» Prompt
The material below holds pictures, which are to be left out; copy exactly the lines from the one with "坐骑:追风(猛将爱用的名驹。武将出征阵亡率减小55%,路程时间减少55%)" through the one with "قال الدكتور مصطفى".

» Input records
□ □ □ □ □ □ □

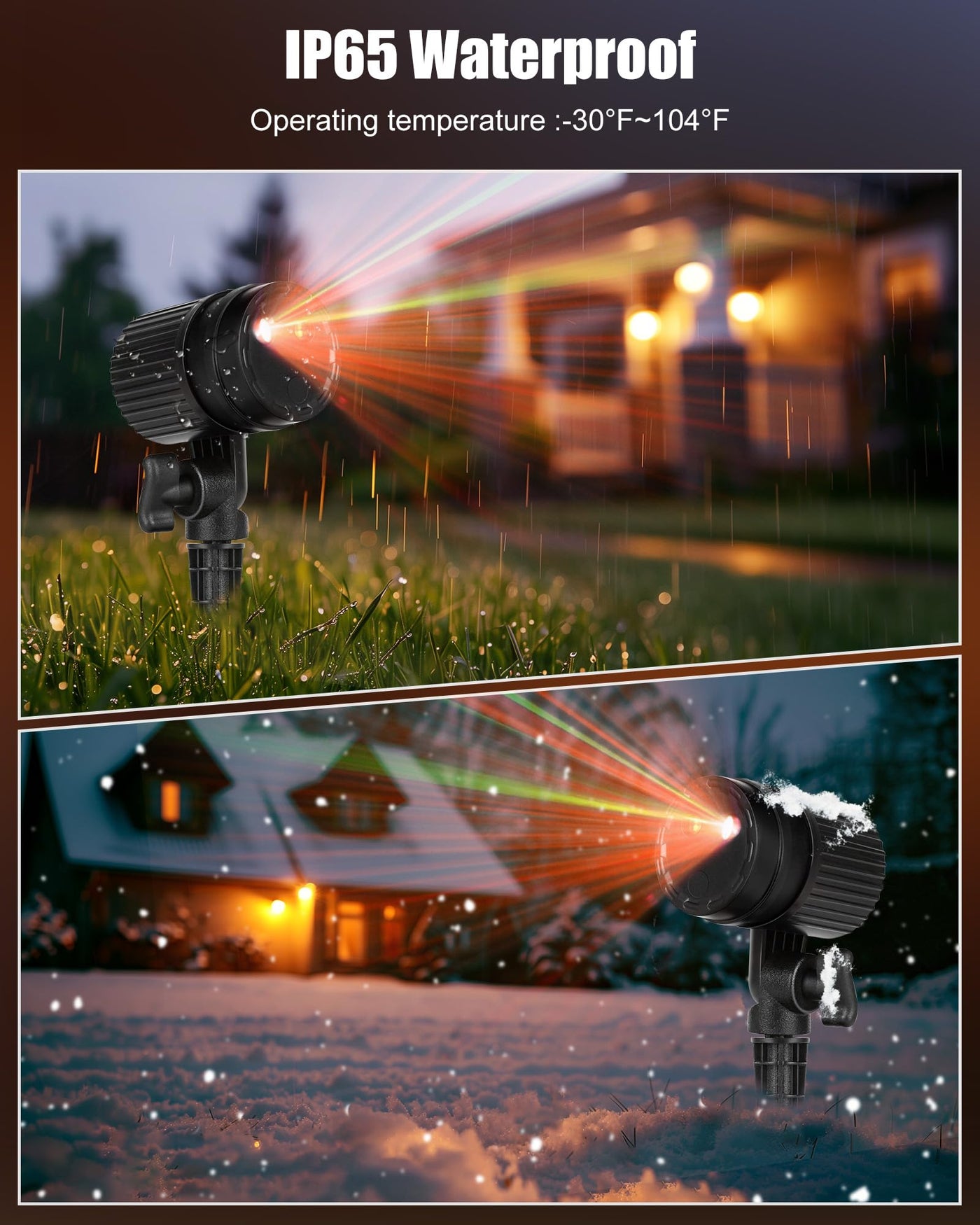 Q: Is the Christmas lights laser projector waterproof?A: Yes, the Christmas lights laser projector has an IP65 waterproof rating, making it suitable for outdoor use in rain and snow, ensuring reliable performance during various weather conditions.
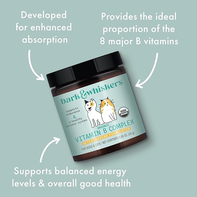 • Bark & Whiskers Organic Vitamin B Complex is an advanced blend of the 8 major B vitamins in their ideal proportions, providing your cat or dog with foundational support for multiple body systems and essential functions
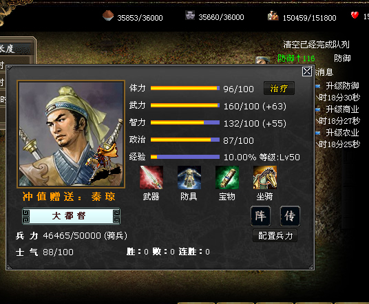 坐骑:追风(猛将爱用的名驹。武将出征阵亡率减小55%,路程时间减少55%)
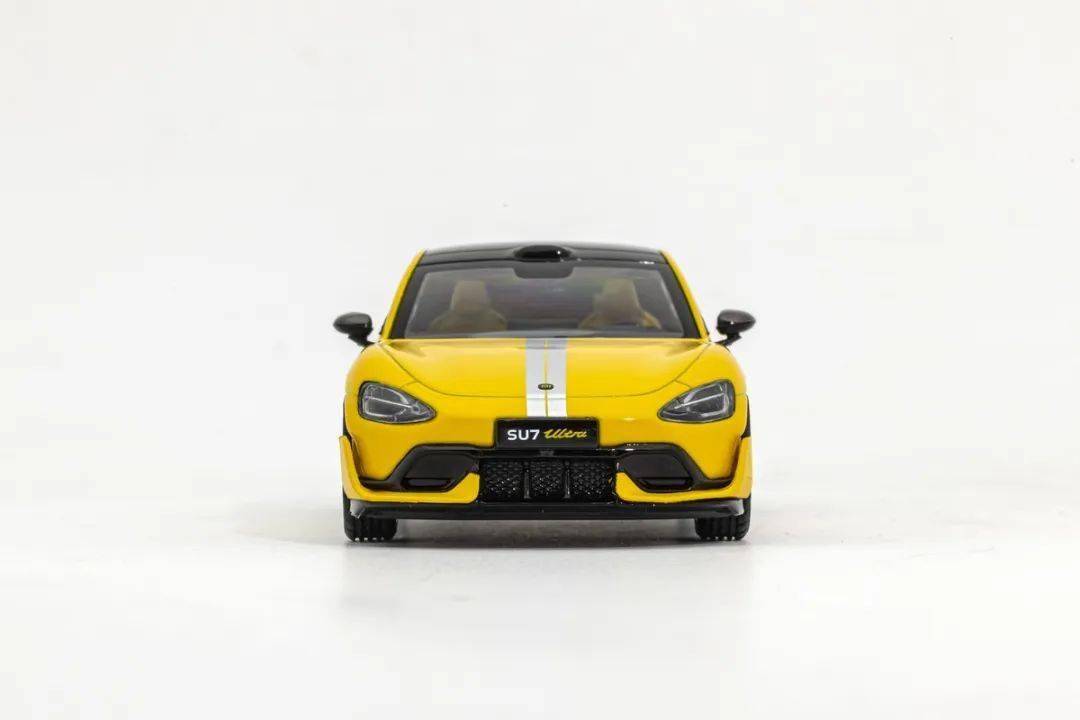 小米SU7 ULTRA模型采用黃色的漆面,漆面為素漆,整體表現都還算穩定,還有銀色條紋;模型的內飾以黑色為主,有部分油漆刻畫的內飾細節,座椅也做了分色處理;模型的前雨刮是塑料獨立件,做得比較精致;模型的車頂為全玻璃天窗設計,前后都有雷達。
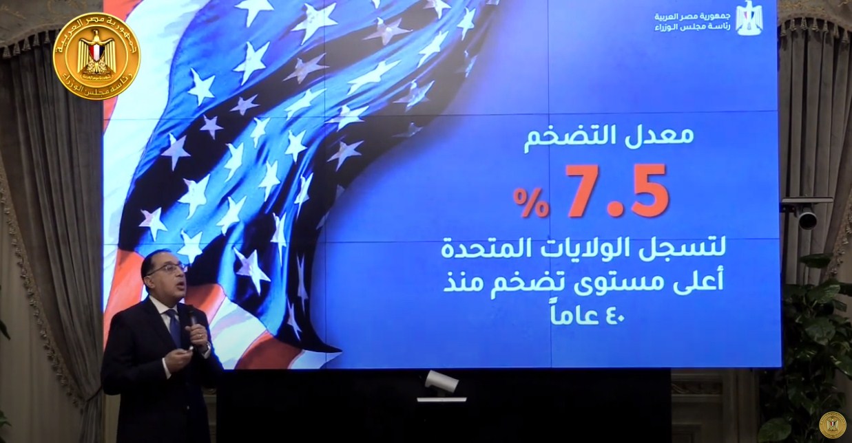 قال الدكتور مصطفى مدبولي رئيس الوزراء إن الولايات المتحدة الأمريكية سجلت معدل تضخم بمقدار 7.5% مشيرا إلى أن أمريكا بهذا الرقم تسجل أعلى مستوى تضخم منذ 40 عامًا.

□ □ □ □ □ □ □

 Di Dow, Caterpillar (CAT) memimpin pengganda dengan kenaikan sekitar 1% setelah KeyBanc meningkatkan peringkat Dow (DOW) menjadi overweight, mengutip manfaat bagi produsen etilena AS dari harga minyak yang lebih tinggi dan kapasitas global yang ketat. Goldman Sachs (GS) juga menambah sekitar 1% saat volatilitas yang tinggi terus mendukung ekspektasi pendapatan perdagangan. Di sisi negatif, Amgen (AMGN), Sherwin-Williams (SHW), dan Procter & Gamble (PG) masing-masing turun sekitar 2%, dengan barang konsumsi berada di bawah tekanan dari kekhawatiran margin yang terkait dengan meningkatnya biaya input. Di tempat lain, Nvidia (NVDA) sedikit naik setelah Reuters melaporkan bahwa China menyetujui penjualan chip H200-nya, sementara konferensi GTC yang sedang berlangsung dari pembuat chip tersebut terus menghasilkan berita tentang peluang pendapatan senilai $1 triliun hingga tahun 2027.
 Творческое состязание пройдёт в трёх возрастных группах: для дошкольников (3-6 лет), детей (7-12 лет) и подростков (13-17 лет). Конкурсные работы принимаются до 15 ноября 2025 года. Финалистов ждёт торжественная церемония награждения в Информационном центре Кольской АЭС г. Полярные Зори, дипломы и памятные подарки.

□ □ □ □ □ □ □

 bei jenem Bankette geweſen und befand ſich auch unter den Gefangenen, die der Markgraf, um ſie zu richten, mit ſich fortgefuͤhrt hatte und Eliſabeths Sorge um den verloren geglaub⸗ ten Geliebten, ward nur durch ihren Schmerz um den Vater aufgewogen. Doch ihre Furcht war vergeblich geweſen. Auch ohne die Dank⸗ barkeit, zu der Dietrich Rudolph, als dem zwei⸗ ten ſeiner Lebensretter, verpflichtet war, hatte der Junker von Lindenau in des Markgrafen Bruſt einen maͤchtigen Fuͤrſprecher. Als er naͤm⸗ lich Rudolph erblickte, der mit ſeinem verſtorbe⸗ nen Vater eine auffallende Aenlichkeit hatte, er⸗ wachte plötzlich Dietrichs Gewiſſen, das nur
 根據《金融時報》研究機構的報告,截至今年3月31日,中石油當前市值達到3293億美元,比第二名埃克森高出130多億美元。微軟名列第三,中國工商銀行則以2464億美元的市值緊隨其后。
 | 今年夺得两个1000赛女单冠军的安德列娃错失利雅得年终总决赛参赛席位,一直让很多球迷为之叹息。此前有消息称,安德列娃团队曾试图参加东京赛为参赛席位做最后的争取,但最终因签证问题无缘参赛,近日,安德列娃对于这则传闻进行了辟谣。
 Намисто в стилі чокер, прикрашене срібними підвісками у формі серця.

□ □ □ □ □ □ □

» Answer for this exercise
 坐骑:追风(猛将爱用的名驹。武将出征阵亡率减小55%,路程时间减少55%)
 小米SU7 ULTRA模型采用黃色的漆面,漆面為素漆,整體表現都還算穩定,還有銀色條紋;模型的內飾以黑色為主,有部分油漆刻畫的內飾細節,座椅也做了分色處理;模型的前雨刮是塑料獨立件,做得比較精致;模型的車頂為全玻璃天窗設計,前后都有雷達。
 قال الدكتور مصطفى مدبولي رئيس الوزراء إن الولايات المتحدة الأمريكية سجلت معدل تضخم بمقدار 7.5% مشيرا إلى أن أمريكا بهذا الرقم تسجل أعلى مستوى تضخم منذ 40 عامًا.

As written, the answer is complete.